Of course, deportation or removal from the United States isn’t the same as death; Rubio’s unilateral visa revocation isn’t the same as the proscription. But the lack of transparency and due process are similar, and there are few to no guarantees of the safety of people whom ICE agents remove, often without identifying themselves, and move around without notifying the family or lawyers of the detained. In fact, the government has argued in court that it has no responsibility to return those who might be removed incorrectly or by accident.

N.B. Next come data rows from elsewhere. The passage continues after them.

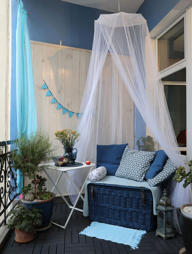 Aby stworzyć urokliwy i słoneczny zakątek do dionizyjskiego relaksu, należy przede wszystkim zadbać o porządek i ład na balkonie. Żadna to przyjemność pić poranną kawę i marzyć o greckich wyspach przy piętrzących się niepotrzebnych przedmiotach. Meble powinny raczej ograniczyć się do wygodnych foteli, leżaków, stolika i krzeseł. Jeśli pozwala nam na to przestrzeń, dobrym pomysłem jest zamontowanie hamaku lub plecionego siedziska-huśtawki. Meble na pewno warto udekorować poduszkami, kocami w marynistyczne wzory. Stary, ale ukochany, wiklinowy kufer, może z powodzeniem spełnić rolę wygodnego siedziska, jeśli nadamy mu odpowiedni kolor, położymy miękkie poduszki. Dodatkowego śródziemnomorskiego akcentu doda mu zawieszony nad nim baldachim. Dla miłośników wszelkiego rodzaju ażurowych konstrukcji, dobrym rozwiązaniem jest zawieszenie drewnianej ścianki. Nie musi być to antyczny, bogato rzeźbiony parawan, wystarczy klasyczna, prosta forma, która z powodzeniem spełni również praktyczną funkcję, przykładowo zakryje ścianę, na której widać ubytki, zadrapania, obtłuczenia. Przy zastosowaniu drewna należy pamiętać o odpowiedniej ochronie materiału przed negatywnym działaniem czynników atmosferycznych. Kolorystyka na ścianach powinna być utrzymana w błękitach, bielach, szarościach, z ciemniejszymi odcieniami na meblach, czy dodatkach. Jeśli nie do końca czujemy się dobrze w pielęgnacji roślin, ale lubimy zapach kwiatów, ziół, postawmy na popularne i łatwe w uprawie pelargonie, czy rozmaryn, tymianek, bazylię, które również z powodzeniem odtworzą śródziemnomorską aurę.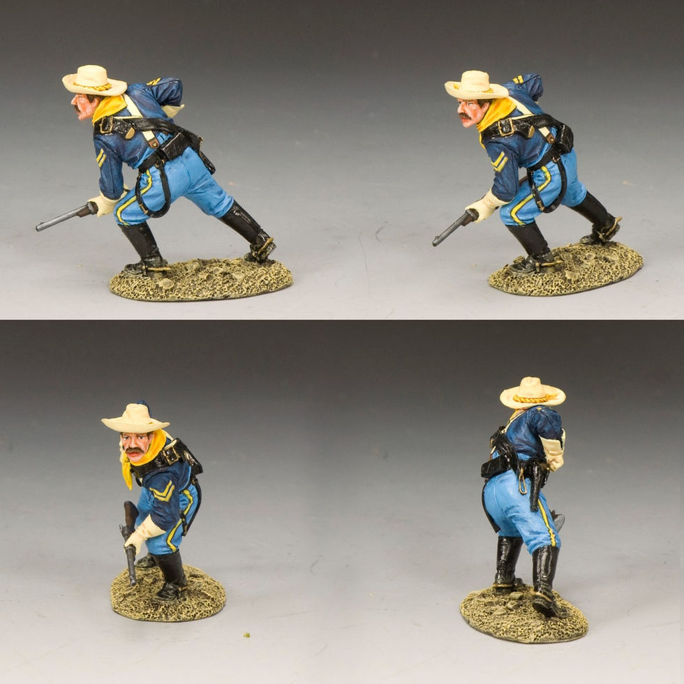In all of Ford’s ‘Trilogy’ movies the main weapon of his cavalrymen is the Springfield Model 1873 Carbine! In addition, all ranks would carry the ‘Colt Single Action Army’ pistol with the 7.5” long barrel. Also of note. All of these new figures, with the exception of the officer have a black leather Carbine Sling worn over their left shoulders. This allowed mounted soldiers to be able to ride their horses and use both hands while their carbines were attached securely to the leather sling on their right side but still be within easy reach. Previously this ‘Carbine Sling’ was not seen on earlier JFC figures but was much requested by K&C collectors of the range. Scale: 1/30Material: Pewter alloyReleased Date: December 2024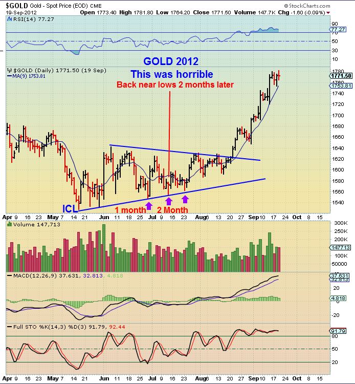 Lets zoom in….This is GOLD in the summer of 2012.  This cycle was so stretched  (I have no idea why,  but it seemed to last forever)  2 months later we were still near the lows!! Look at that blast off though  when it finally got going.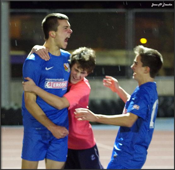 Tenía que llegar y llegó, el partido del que hiciésemos de nuestro campo una fortaleza. El Éibar lo intentó y lo intentó, pero los palos y nuestra defensa, apoyada por todo el equipo, decidieron que hoy no tocaba, que hoy el balón no entraría en nuestra meta. El encuentro era un “ahora yo, ahora tu” sin claras ocasiones hasta que llego el minuto veinte, en el que el Éibar dispuso de dos claras ocasiones seguidas que se cantaron como gol. Dos minutos más tarde, nuestro rival crecido, pega un palo y vuelve a meternos el miedo en el cuerpo, pero solo por un momento. Lejos de amedrentarnos, seguimos haciendo nuestro juego acabando la primera parte 0-0. En la segunda más de lo mismo hasta que llego la oportunidad que no se desperdicio. Era el minuto sesenta y cuatro y Aritz recibe un balón interior, controla bien y encara al portero al que le recorta y dejándole atrás, solo tiene que empujar el balón con el exterior para que este se vaya al fondo de las mallas, 1-0. Con los cambios y jugadores de refresco nuestro juego se hizo más ofensivo. Es en el setenta y tres cuando Gara recibe un pase en el vértice del área y en vez de controlar, golpea de primeras y el balón hace una parábola que pasa por encima del portero, consiguiendo el segundo gol, 2-0. Euforia en los nuestros y caras de incrédulos en el Éibar. Nuestro rival se echó para arriba “a muerte”, quedaba tiempo y quería marcar. Es cuando nos convertimos en una autentica muralla rechazando todos los balones que intentaban atravesarnos. Una y otra vez el Éibar lo intentaba y fracasaba. Pegó un larguero en el minuto ochenta y otro en el noventa y cuatro. Final con una victoria importante, sobre todo para darnos animo. Un aplauso para nuestros chavales por el esfuerzo realizado durante todo el encuentro. De esta forma se consiguen los triunfos y las victorias. La próxima semana nos vamos a Billabona, será la primera vez que jugaremos en el nuevo campo recientemente remodelado. Si jugamos así, nos podemos traer los tres puntos para casa.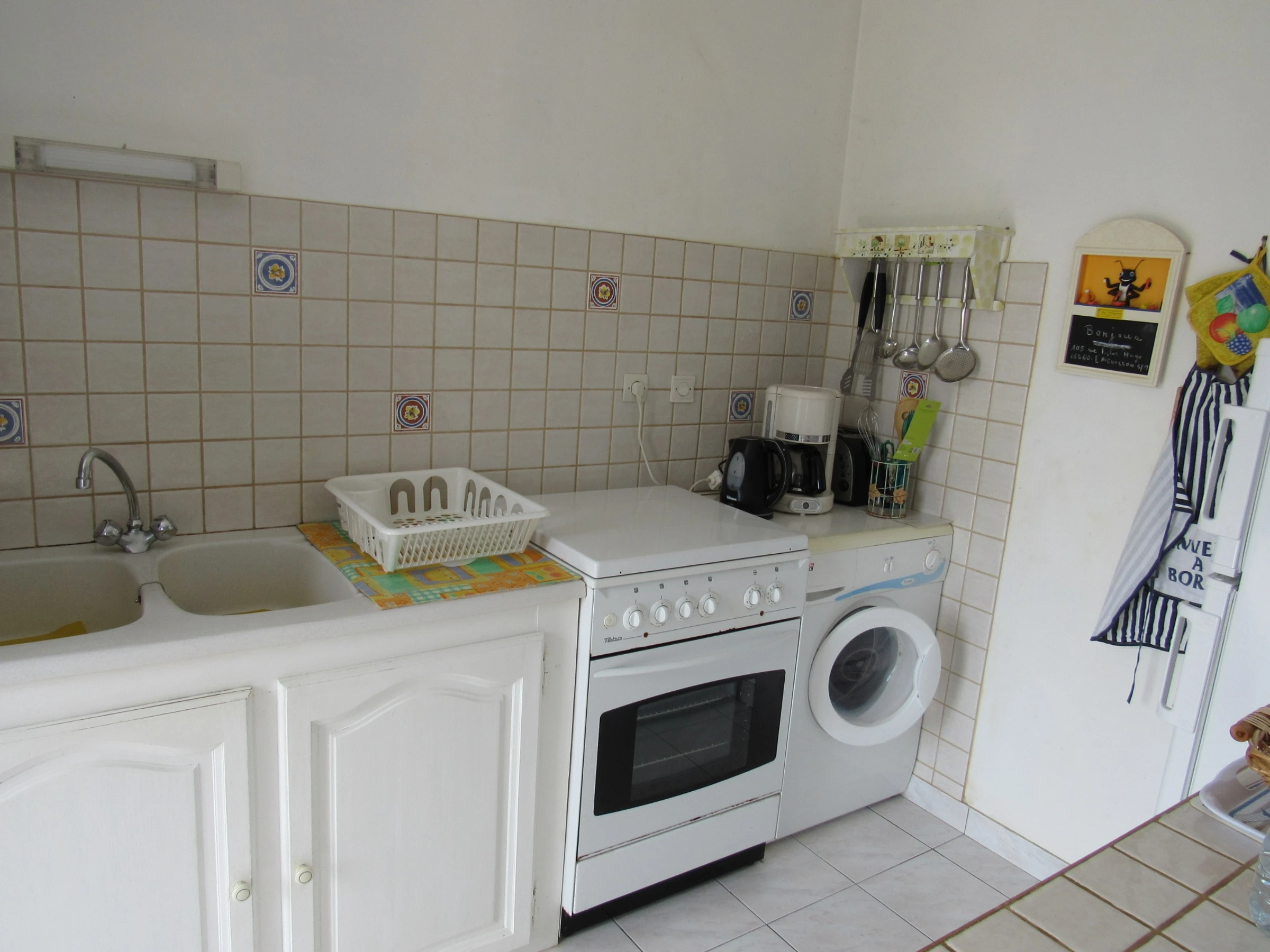 Cuisine ouverte équipée (gazinière - four électrique - réfrigérateur/freezer - lave-linge)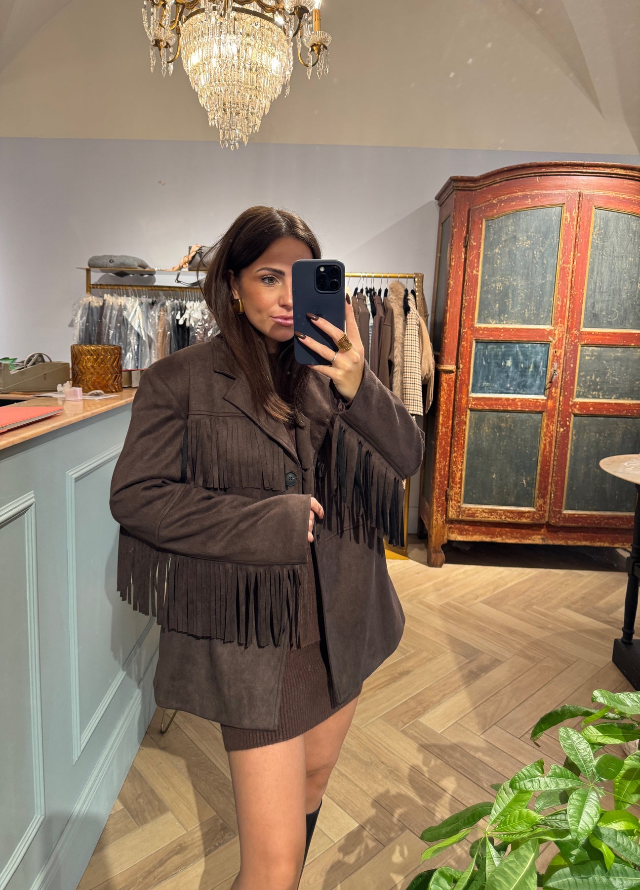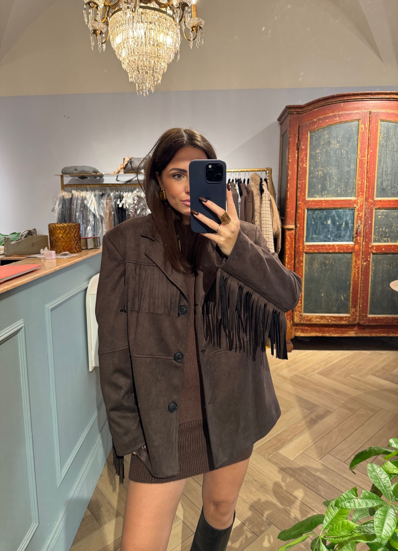 blazer con frange scamosciato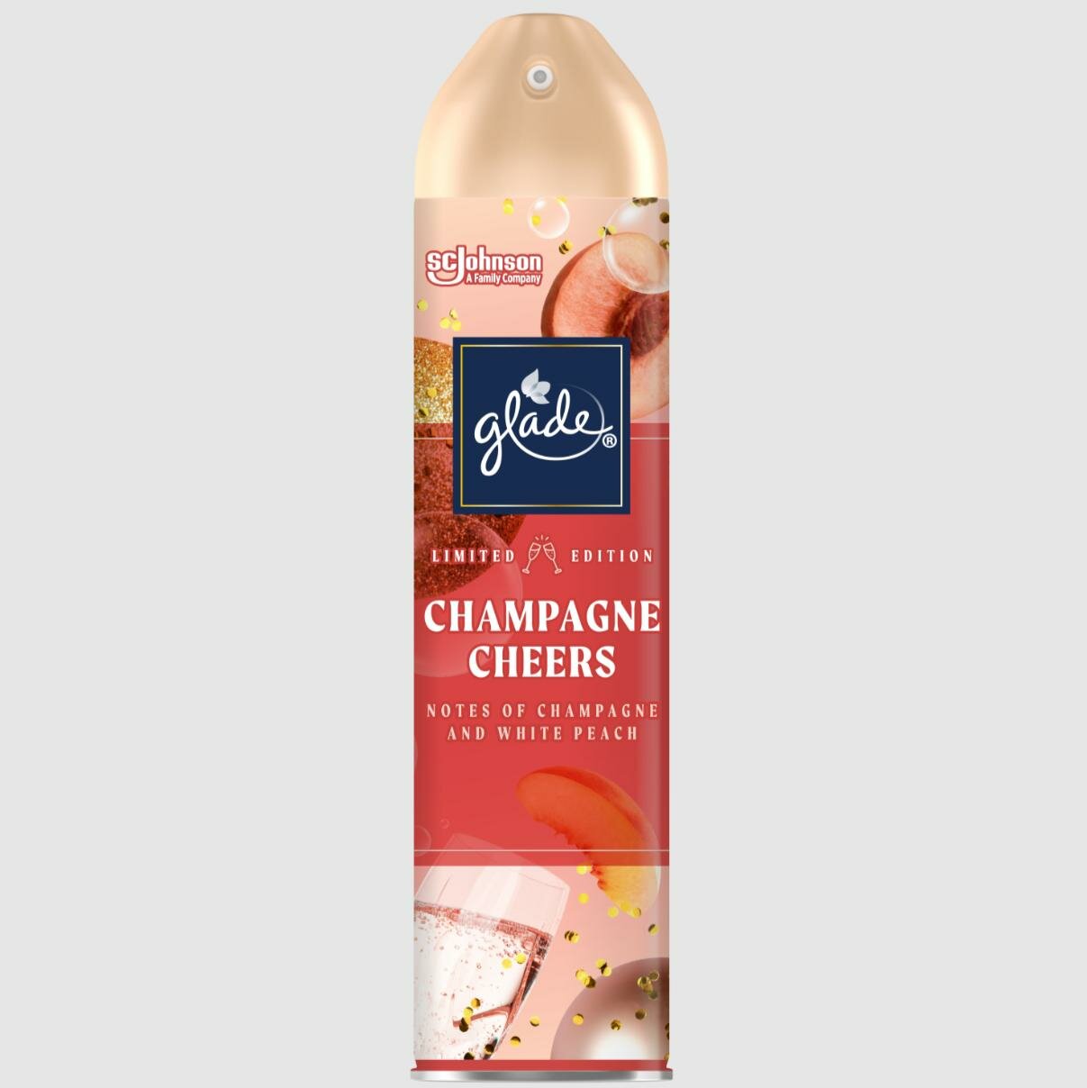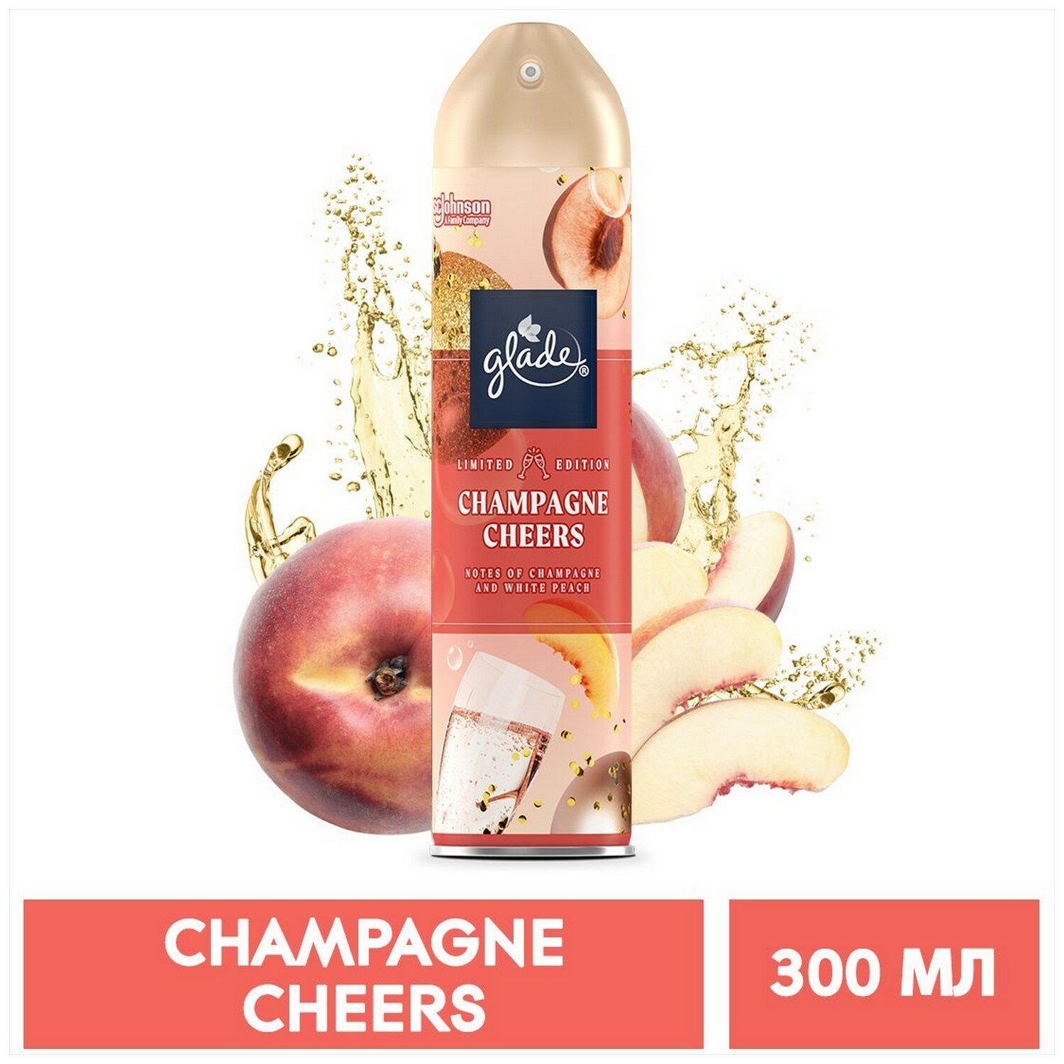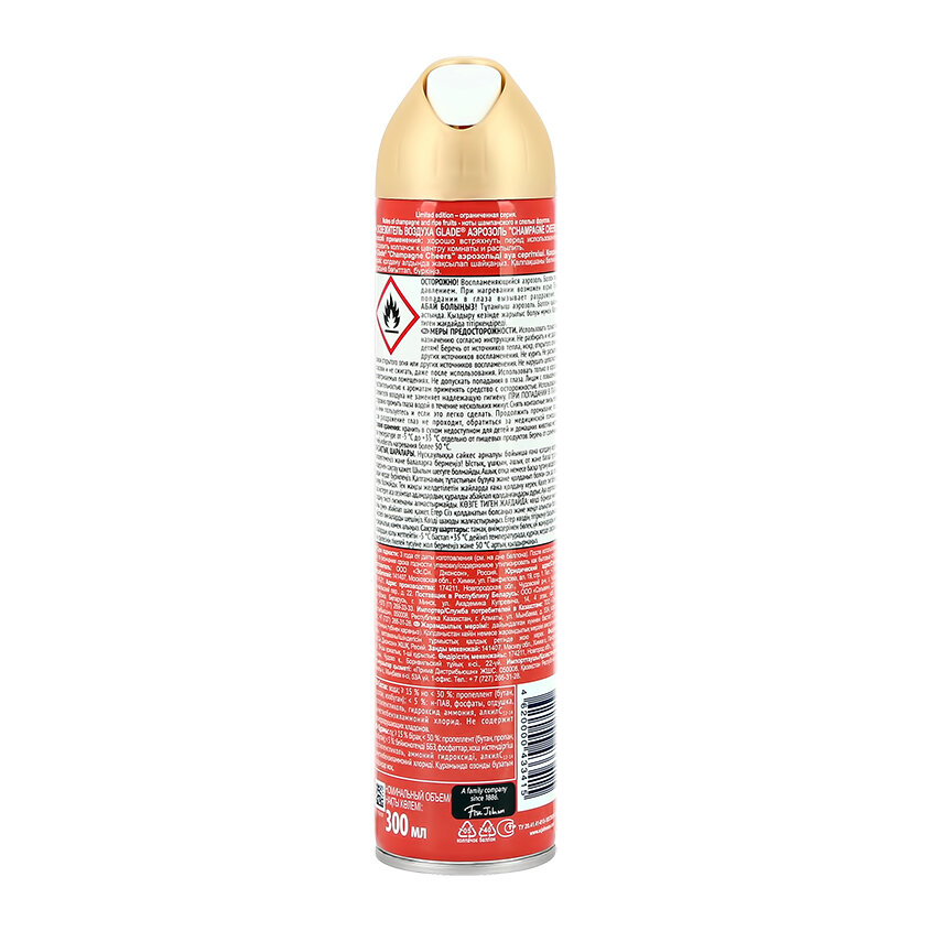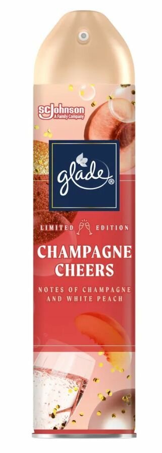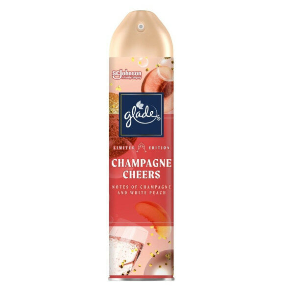 Освежитель воздуха GLADE CHAMPAGNE CHEERS Искрящийся и праздничный аромат шампанского с нотками белого персика в сочетании с соком личи, цитрусовыми и сливочным мускусом. Лимитированная коллекция. Аэрозоль действует мгновенно, устраняя неприятные запахи. Способ применения: хорошо встряхнуть перед использованием. Направить колпачок к центру комнаты и распылить. Осторожно! Воспламеняющийся аэрозоль. Баллон под давлением. При нагревании возможен взрыв. При попадании в глаза вызывает раздражение. Меры предосторожности: Использовать только по назначению согласно инструкции. Не разбирать и не давать детям! Беречь от источников воспламенения, нагревания, искр, открытого огня.

In Julius Caesar Shakespeare demonstrates the extreme consequences of a lack of due process. Not every such deprivation becomes a literal matter of life and death as in the play, but making use of such scenarios enables Shakespeare to highlight more effectively the danger of arbitrary action. Whether we imagine ourselves, like Cinna the Poet, hunted for a crime of which we are innocent or, like the Roman dignitaries proscribed by the triumvirs, marked out for condemnation, the drama asserts that some kind of due process is a necessity for a free state. If, as Lloyd Matthews has argued, America’s founding ideals of liberty are intimately linked to Julius Caesar, that connection should remind us that such liberty requires due process to function properly…
“The Lessons of Due Process in Julius Caesar,” from @jstordaily.bsky.social.
Pair with: “Brush Up Your Shakespeare” (“A Harvard Law class uses the Bard’s plays to explore legal themes and concepts past and present”)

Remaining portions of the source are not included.